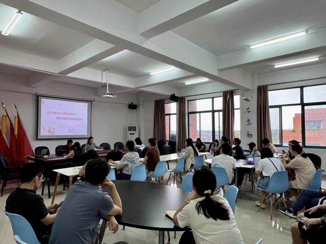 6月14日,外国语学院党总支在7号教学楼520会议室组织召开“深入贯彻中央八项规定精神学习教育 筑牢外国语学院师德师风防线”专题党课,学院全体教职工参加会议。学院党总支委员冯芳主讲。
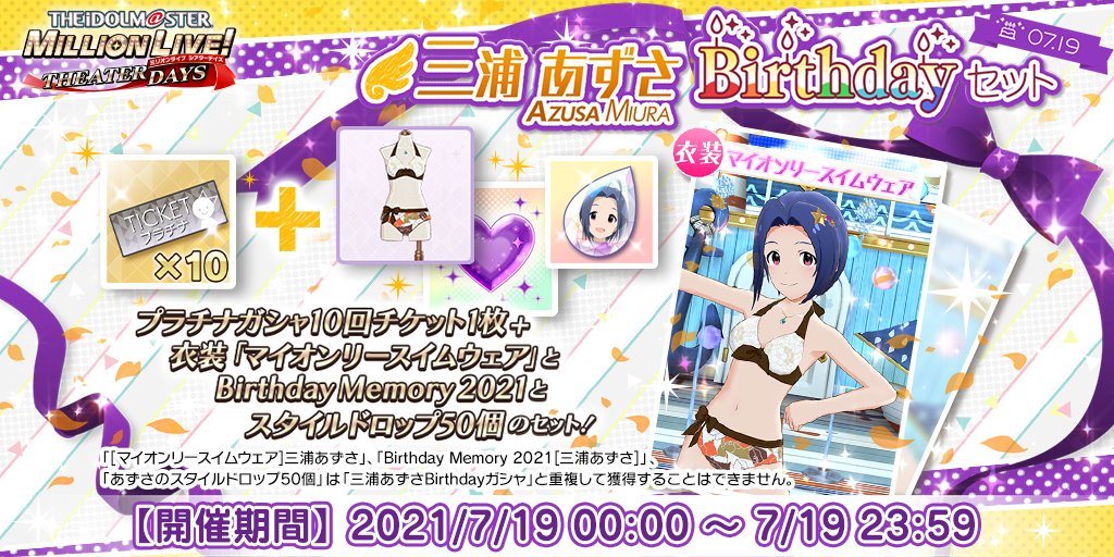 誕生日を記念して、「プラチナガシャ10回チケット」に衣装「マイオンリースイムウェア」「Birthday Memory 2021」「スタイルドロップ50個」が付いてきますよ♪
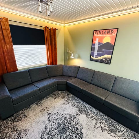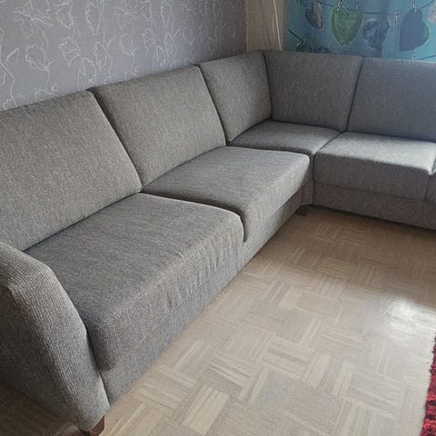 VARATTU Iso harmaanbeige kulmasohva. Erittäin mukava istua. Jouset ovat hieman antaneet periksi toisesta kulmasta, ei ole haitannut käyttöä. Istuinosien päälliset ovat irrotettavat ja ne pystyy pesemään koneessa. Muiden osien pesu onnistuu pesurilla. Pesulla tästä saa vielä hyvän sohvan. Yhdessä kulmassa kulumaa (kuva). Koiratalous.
...
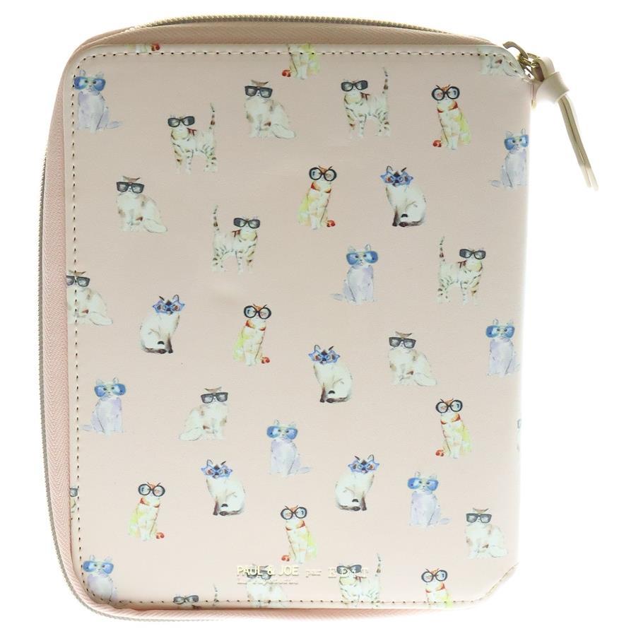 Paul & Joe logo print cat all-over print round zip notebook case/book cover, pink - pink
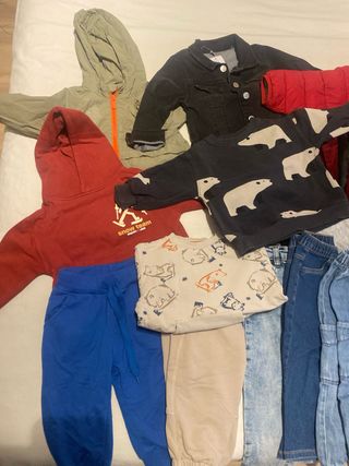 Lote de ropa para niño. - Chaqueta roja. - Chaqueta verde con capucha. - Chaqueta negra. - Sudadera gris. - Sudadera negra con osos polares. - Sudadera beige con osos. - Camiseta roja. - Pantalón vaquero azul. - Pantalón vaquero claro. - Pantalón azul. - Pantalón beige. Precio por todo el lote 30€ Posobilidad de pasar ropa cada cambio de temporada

▶ [Task to complete]: When you reach the line with "6月14日,外国语学院党总支" in the records above, start writing out each line exactly, and stop after the line with "VARATTU Iso harmaanbeige". Pictures stay out.

▶ [Result of the task]:
 6月14日,外国语学院党总支在7号教学楼520会议室组织召开“深入贯彻中央八项规定精神学习教育 筑牢外国语学院师德师风防线”专题党课,学院全体教职工参加会议。学院党总支委员冯芳主讲。
 誕生日を記念して、「プラチナガシャ10回チケット」に衣装「マイオンリースイムウェア」「Birthday Memory 2021」「スタイルドロップ50個」が付いてきますよ♪
 VARATTU Iso harmaanbeige kulmasohva. Erittäin mukava istua. Jouset ovat hieman antaneet periksi toisesta kulmasta, ei ole haitannut käyttöä. Istuinosien päälliset ovat irrotettavat ja ne pystyy pesemään koneessa. Muiden osien pesu onnistuu pesurilla. Pesulla tästä saa vielä hyvän sohvan. Yhdessä kulmassa kulumaa (kuva). Koiratalous.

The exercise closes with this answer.